There’s something admirable about The Cleaning Lady’s attempt to use the tools of genre to illuminate the plight of undocumented immigrants: "The show’s own self-belief may have the power to win over detractors," says Daniel D'Addario. "Yung is an appealing lead, and Thony’s complicated backstory — Cambodian by birth, she emigrated from the Philippines — may appeal to a segment of the audience that is too rarely seen onscreen. While much of the mob action in the series’ background lacks verve and pop, Yung sells the significant portions of the show she is asked to carry, in particular the actorly red meat of fear for a child in peril. If The Cleaning Lady helps open hearts, at least a little, towards the challenges faced by those who have struggled to enter this country, then its excesses and slips matter far less."

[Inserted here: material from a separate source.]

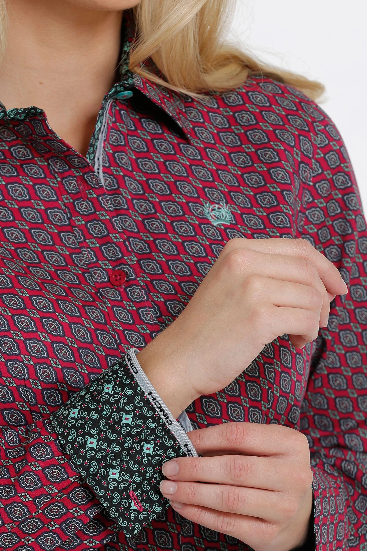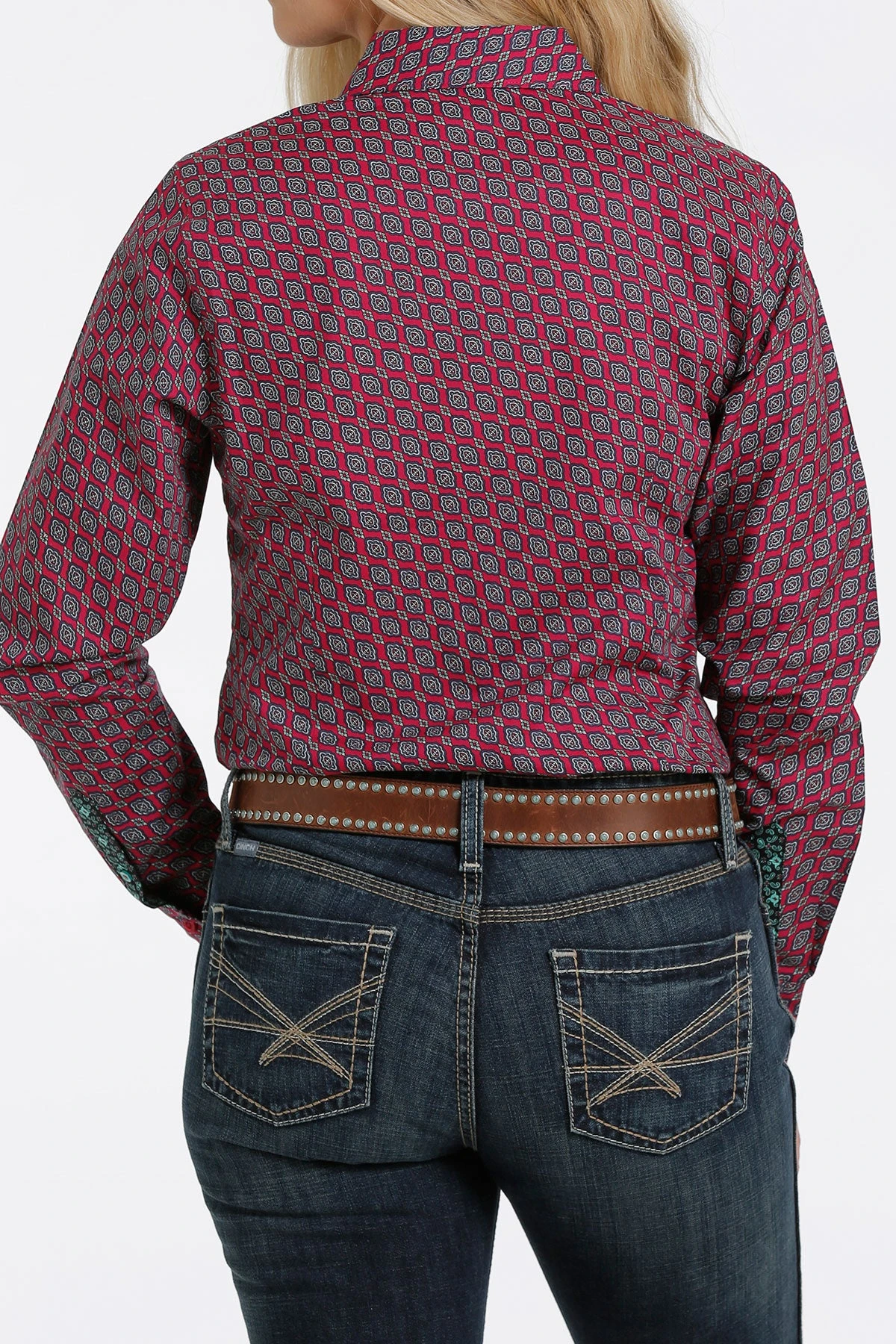 Pink, Black and White Printed Long Sleeve Button Down Shirt.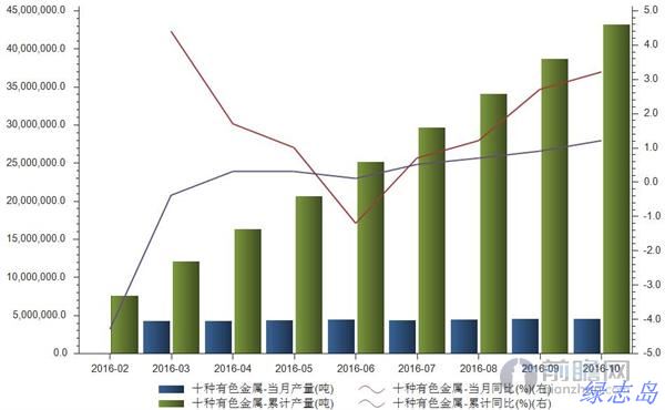 2016年10月十種有色金屬產量455萬噸,當月同比增長3.2%;1-10月累計產量4319萬噸,累計同比增長1.2%。

The Cleaning Lady is unbelievable, but its depiction of the fear of being deported resonates: "You probably won’t believe a minute of the heightened mob nonsense, but what rings true in The Cleaning Lady is its powerful depiction of the constant fear of arrest, deportation and separation in which illegals like Thony and her loved ones live. That’s a predicament worth dramatizing," says Matt Roush. "You’ll root for this defiant heroine as she puts her medical as well as cleaning skills to good use time and again — though I kept wanting to ask Thony if she had a cure for eye rolls."

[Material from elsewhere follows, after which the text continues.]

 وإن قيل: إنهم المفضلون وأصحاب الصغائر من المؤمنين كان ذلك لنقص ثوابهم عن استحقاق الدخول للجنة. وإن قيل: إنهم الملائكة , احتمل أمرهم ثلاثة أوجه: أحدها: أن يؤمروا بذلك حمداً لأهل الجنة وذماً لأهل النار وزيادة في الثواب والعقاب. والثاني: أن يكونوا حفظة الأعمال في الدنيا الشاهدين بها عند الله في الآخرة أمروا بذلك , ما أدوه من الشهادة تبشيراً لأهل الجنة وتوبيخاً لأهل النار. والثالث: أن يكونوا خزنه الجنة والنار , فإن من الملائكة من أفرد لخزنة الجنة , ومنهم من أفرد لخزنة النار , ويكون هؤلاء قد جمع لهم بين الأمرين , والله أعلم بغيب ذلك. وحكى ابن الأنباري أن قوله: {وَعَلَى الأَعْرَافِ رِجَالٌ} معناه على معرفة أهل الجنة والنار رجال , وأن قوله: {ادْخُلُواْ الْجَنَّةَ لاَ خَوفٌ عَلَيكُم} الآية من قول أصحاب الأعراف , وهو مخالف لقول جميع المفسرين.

The Cleaning Lady is one of those end-of-empire broadcast TV shows that tries to be everything: The Cleaning Lady is "cute as This Is Us, violent as FBI, some medicine for the Good Doctor crowd, yet another good girl breaking bad," says Darren Franich, adding: "Is The Cleaning Lady ridiculous? Yes, and not always in the good way. Sin City trash whiplashes with mawkish cute-kid sensitivity. Thony's son Luca (Sebastien and Valentino LaSalle) mainly exists to make parents cry once an episode. People keep describing Arman's nightclub as an amazing place full of decadent debauchery; we can see it looks like an 18-and-over soda dungeon with aerial dancers. Still, executive producer Miranda Kwok (who developed the series) and showrunner Melissa Carter have adapted an original Argentine series into a drama with decently complex cultural politics. There is a subplot about a DACA application (the lawyer costs a fortune). Arman's entanglement with Hayak's family revs up the underworld succession counter-plotting. Episode 5 delves into the horrors of an immigrant detention center."